ONE?! That’s IT?!?! No ice cream and 10 hours of cardio/heavy lifting/slow running this week, and I lost one frigging pound?! For all my hurt, and the agony of a week without ice cream, I wanted to be at my target weight by now.

WHAT DO YOU MEAN THAT’S NOT HOW IT WORKS!?!?!?

Quarterly Date Night on Saint Patrick’s Day

Once you have kids, you realize that date nights are few and far between. Add to that the whole Army life, moving every few years, and a good solid fear of babysitters.

I’m not afraid of babysitters. That would be irrational. I am more untrustworthy. I need to know a person for about a million years before I can trust them with my kids. And then my kids being the spirited, wild children that they are, the job of babysitter really needs to come with hazard duty pay.

And then of course there’s my messiness, and the fact that I don’t want people to see my messy counters or 2 laundry baskets of Waiting-to-be-Folded clothes. There has to be trust–or a good solid week to clean.

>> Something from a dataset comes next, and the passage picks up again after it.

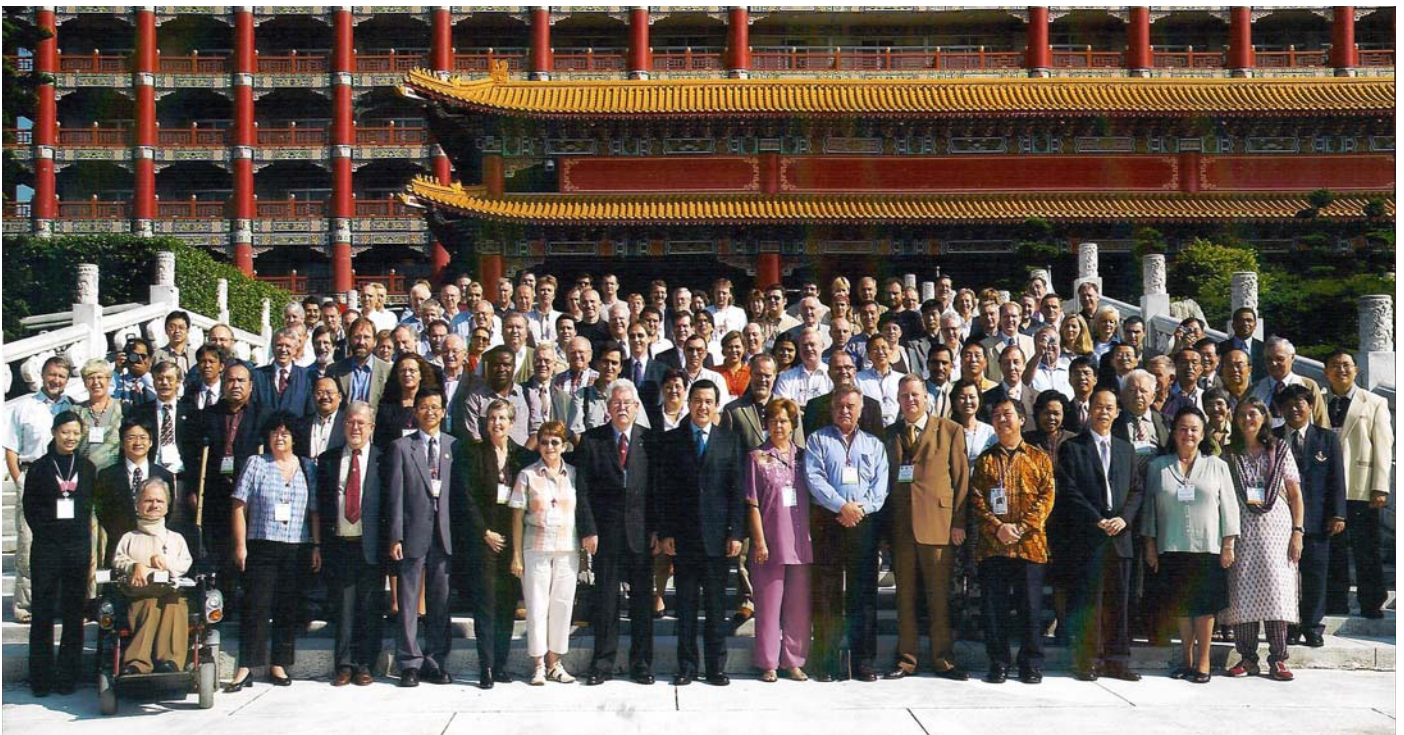
Delegates at an Annual Conference of WAZA

1300 zoos and aquariums worldwide. These institutions have more than 100.000 employees and are hosts to more than 600 million visitors each year, approximately 10% of the world's population. This gives the WAZA access to larger number of visiting public, more than any other group of public, conservation-oriented institutions.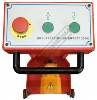
Pneumatic Sheet Support and Emergency Stop on Mobile Foot Control

After all is said and done, Justin and I rarely go out. The last time we had date night, it was to go to the military ball in December. You know, where my dress was really pretty, but really tight, making my ribs unable to expand, and me left breathing shallow.

I planned this night over a month ago. Originally we were going to run a 5k and see Transpotting 2 on opening night, because it was supposed to come out on 17 March, and I’m pretty super excited for the 20-years-later sequel. Well, the powers that be have decided that Transpotting 2 shouldn’t come out for 2 more weeks. It’s fine. It just means we get 2 date nights in one month, which is pretty intense for us.

That leaves us with a 5k. We are running a 5k on date night. Nothing says “I love you” like getting sweaty  and out of breath during a 3.1 mile run. Probably in the rain. Followed by dinner and drinks (for Justin. Because I’ll be driving. And I really don’t drink). Sweaty dinner. With me probably stinky. Because I’m gross. I can’t help it. All I can really hope for is that the rain will wash away some of my gross. But in all honestly, that can’t happen. Unless I bring soap.

Justin: “What’s in your armband? That is not a phone.”

Me: “No, I left my phone in the car and decided I’d be better off sticking a bar of Dove in there. 2 birds, one stone? Maybe?”

I guess the best part is, I’m not a runner. I do a lot of running, but I am by no means a runner. More a faux runner (faux being pronounced FAUX in the proper Justinese). I only decided around this time in 2014 to BECOME a runner. Prior to that, my random announcements that I would start running always ended abruptly. Usually after going out for a proposed 2 mile run, which always turned into about a .2 mile run, and then a wheezy walk back to the house. Meanwhile, Justin has been a runner basically his entire life. Up until the great hamstring tear of 2016, a slow run would be at a 8 or 9 min mile pace. For me, that is basically a sprint from start to finish. There is nothing slow about that. Now he swears he’s slow–we’ll see. I have only said about ten thousand times, “please do not feel obligated to run with me.”

Of course, what would make a 5k with your runner husband better? Oh, you know, deciding that this would be a good morning to start the Friday Kettle Bell class. Knowing full well that the instructor is intense. If you live on Fort Knox, or you are near Fort Knox and military affiliated, and have NOT taken a class with Terry Turner, do yourself a favor and take one. What was I thinking though?! My legs are sore, my arms feel like jello, and I’m going to run tonight?! I chose a 5k for date night?! Justin, carry me.